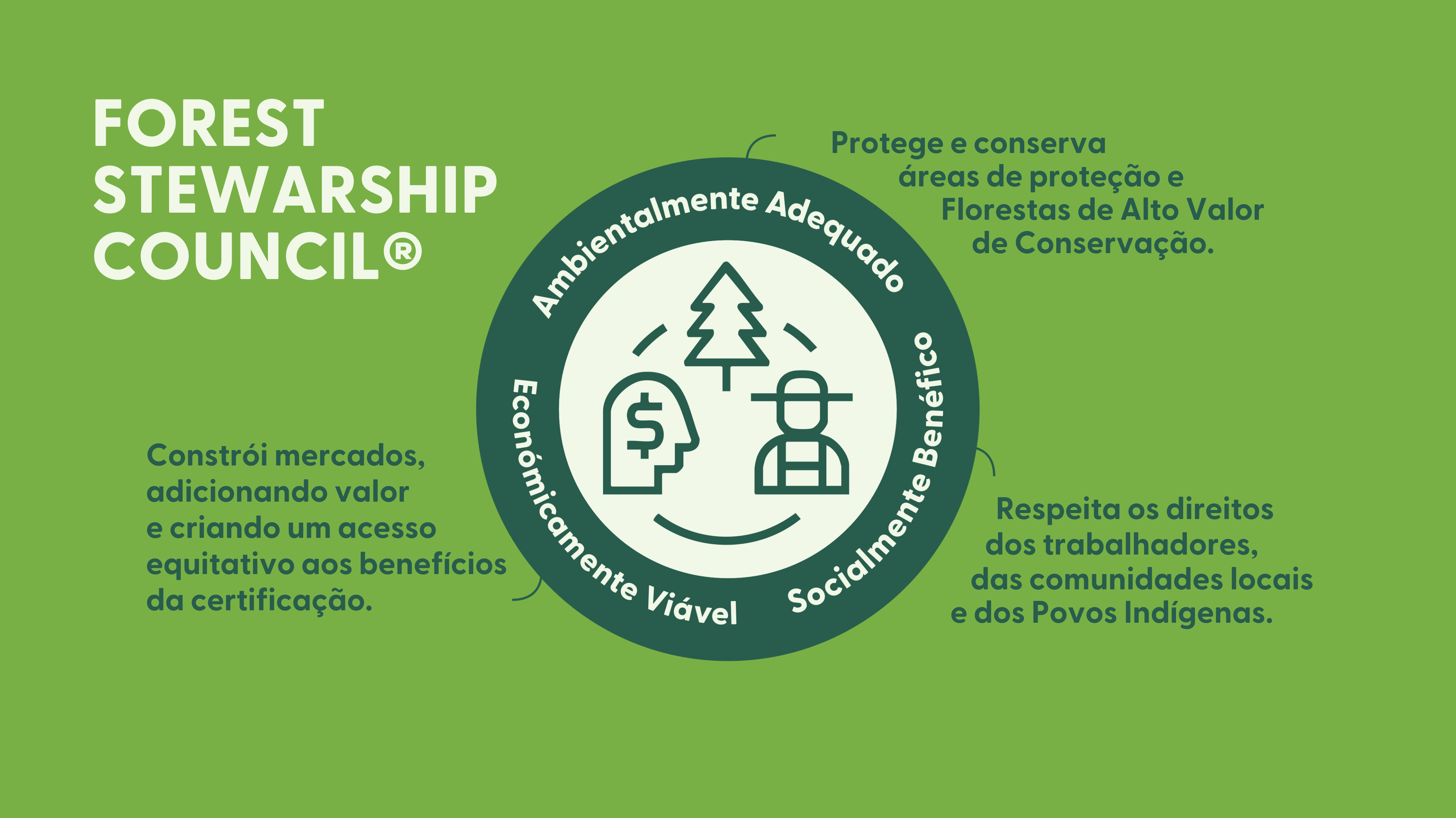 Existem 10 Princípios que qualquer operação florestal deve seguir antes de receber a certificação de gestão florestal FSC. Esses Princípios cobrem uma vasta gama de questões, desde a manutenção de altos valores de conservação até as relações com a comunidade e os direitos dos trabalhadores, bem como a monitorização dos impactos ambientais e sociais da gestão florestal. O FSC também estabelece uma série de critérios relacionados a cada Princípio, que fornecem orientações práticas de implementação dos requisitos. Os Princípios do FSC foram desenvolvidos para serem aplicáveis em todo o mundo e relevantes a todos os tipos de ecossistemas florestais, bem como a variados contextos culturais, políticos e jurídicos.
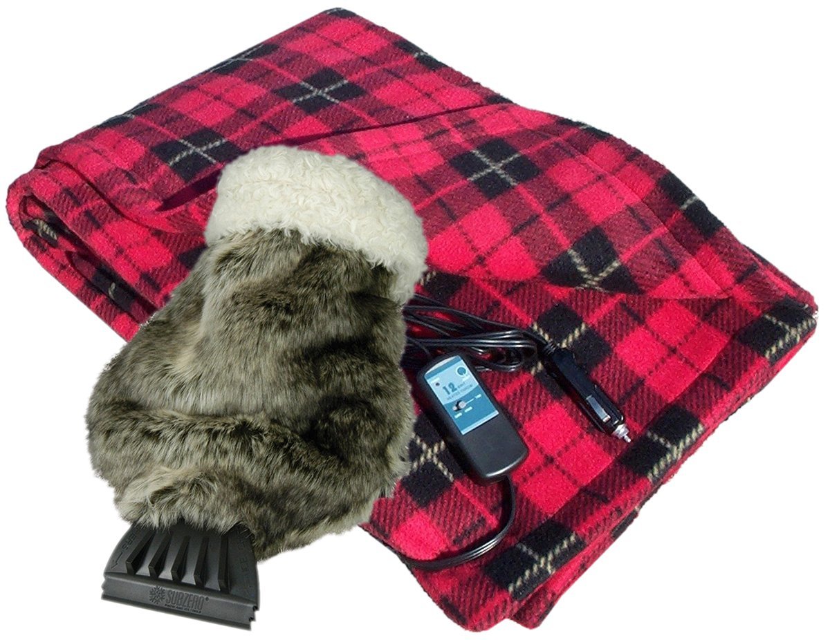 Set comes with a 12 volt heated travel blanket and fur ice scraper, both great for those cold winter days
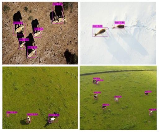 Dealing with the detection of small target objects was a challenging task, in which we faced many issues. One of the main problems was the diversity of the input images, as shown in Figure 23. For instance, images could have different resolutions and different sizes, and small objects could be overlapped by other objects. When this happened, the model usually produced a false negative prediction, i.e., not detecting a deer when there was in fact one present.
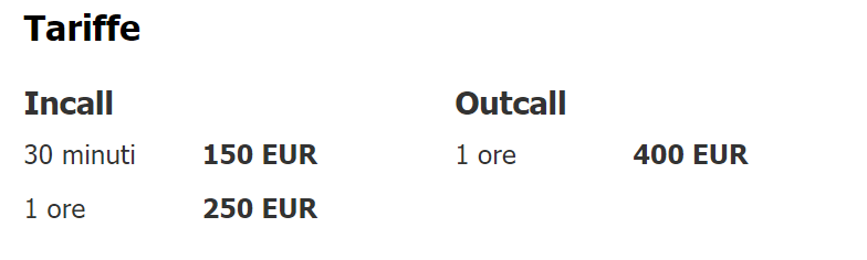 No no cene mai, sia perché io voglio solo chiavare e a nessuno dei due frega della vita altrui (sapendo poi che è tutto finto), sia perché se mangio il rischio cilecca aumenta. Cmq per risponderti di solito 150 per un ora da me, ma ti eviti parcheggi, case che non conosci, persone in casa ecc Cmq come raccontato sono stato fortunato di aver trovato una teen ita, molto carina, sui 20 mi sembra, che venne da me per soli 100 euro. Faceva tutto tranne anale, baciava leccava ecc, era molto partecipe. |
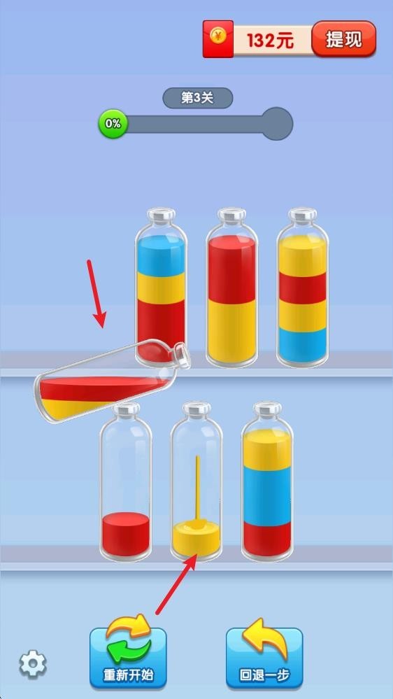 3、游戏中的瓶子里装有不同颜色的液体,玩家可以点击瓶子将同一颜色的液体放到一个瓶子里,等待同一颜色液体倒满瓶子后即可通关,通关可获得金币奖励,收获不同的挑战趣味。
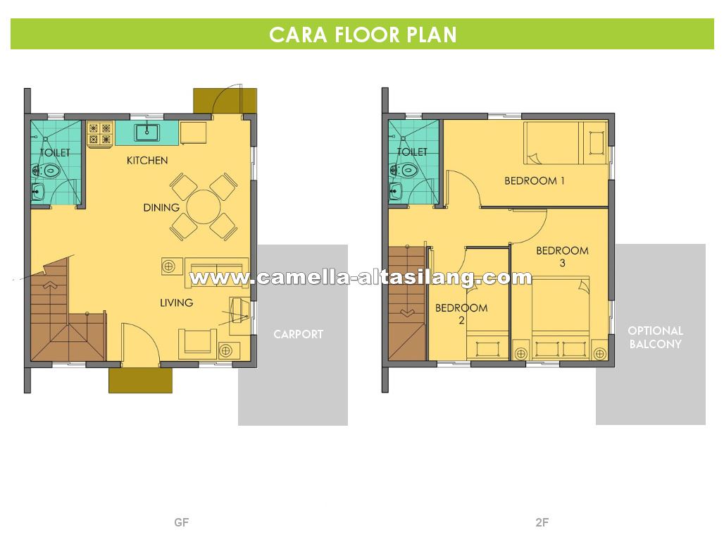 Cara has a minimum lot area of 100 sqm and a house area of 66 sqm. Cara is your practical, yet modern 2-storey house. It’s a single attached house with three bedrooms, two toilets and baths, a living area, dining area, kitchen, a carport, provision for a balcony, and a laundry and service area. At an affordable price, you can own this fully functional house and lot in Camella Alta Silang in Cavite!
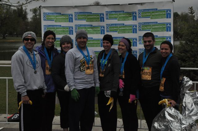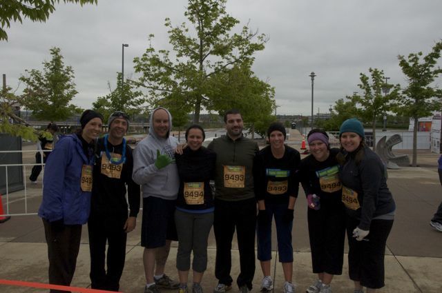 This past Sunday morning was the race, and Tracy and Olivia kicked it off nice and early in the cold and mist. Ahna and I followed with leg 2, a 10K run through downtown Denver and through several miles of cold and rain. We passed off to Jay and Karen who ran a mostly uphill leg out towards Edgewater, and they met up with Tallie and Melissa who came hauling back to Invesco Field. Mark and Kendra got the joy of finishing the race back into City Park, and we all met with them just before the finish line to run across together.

---

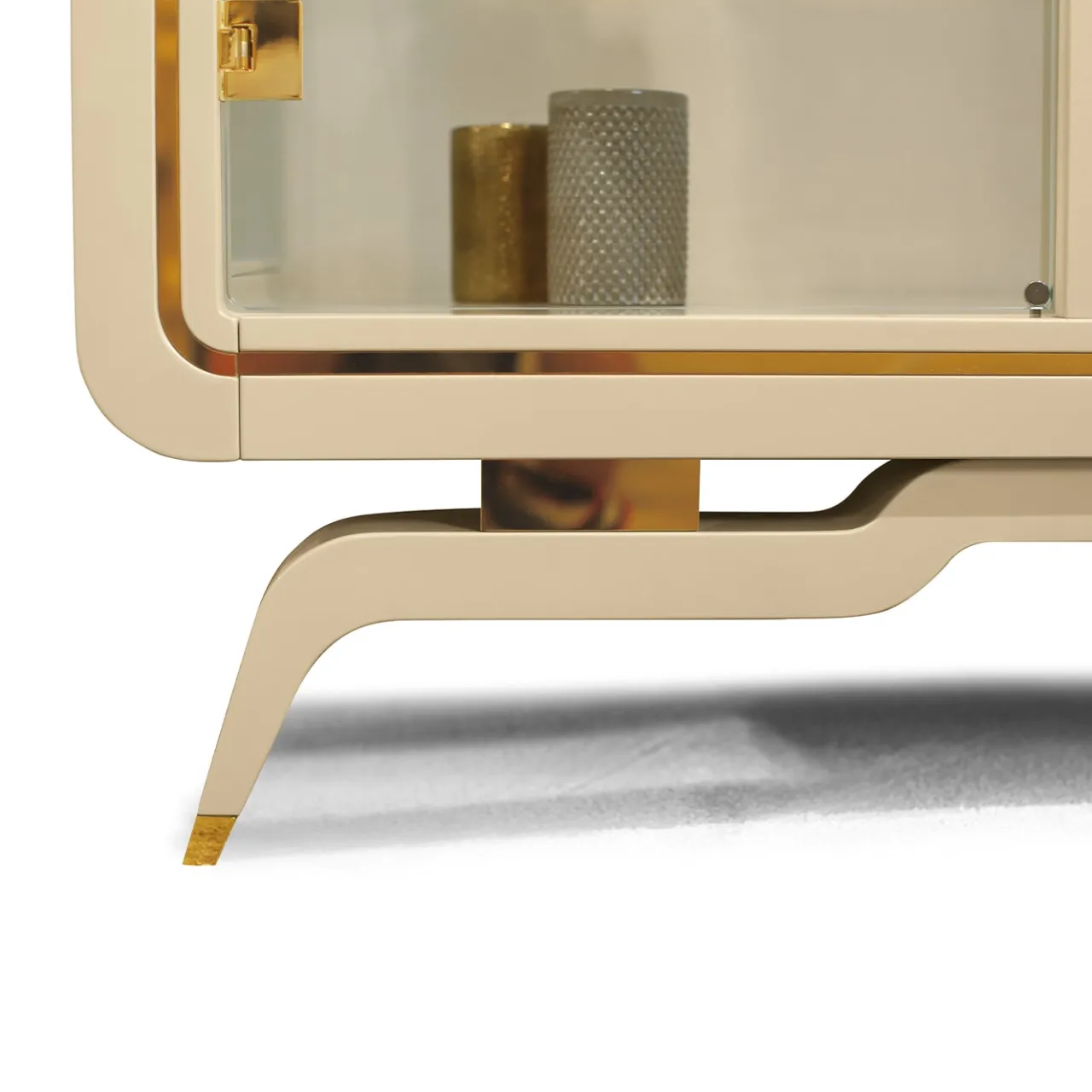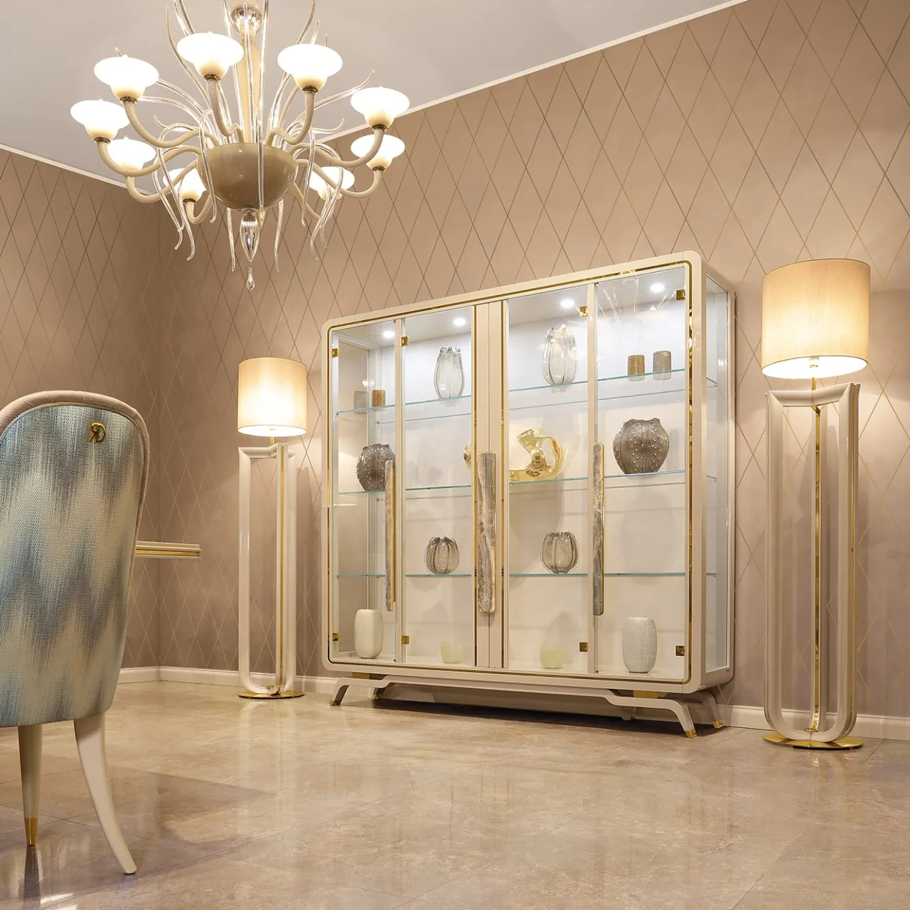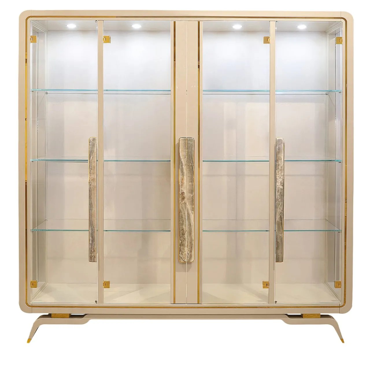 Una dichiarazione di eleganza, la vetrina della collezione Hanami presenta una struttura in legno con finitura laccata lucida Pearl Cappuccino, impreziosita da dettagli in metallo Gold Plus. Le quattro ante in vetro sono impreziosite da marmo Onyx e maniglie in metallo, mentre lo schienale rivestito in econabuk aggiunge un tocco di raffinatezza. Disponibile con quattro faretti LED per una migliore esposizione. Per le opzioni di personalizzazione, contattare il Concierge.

EXERCISE OBJECTIVE :: Skipping the pictures, print the lines in the listing above exactly as written, starting at the line with "3、游戏中的瓶子里装有不同颜" and ending at the line with "This past Sunday", both included.

EXERCISE RESULT ::
 3、游戏中的瓶子里装有不同颜色的液体,玩家可以点击瓶子将同一颜色的液体放到一个瓶子里,等待同一颜色液体倒满瓶子后即可通关,通关可获得金币奖励,收获不同的挑战趣味。
 Cara has a minimum lot area of 100 sqm and a house area of 66 sqm. Cara is your practical, yet modern 2-storey house. It’s a single attached house with three bedrooms, two toilets and baths, a living area, dining area, kitchen, a carport, provision for a balcony, and a laundry and service area. At an affordable price, you can own this fully functional house and lot in Camella Alta Silang in Cavite!
 This past Sunday morning was the race, and Tracy and Olivia kicked it off nice and early in the cold and mist. Ahna and I followed with leg 2, a 10K run through downtown Denver and through several miles of cold and rain. We passed off to Jay and Karen who ran a mostly uphill leg out towards Edgewater, and they met up with Tallie and Melissa who came hauling back to Invesco Field. Mark and Kendra got the joy of finishing the race back into City Park, and we all met with them just before the finish line to run across together.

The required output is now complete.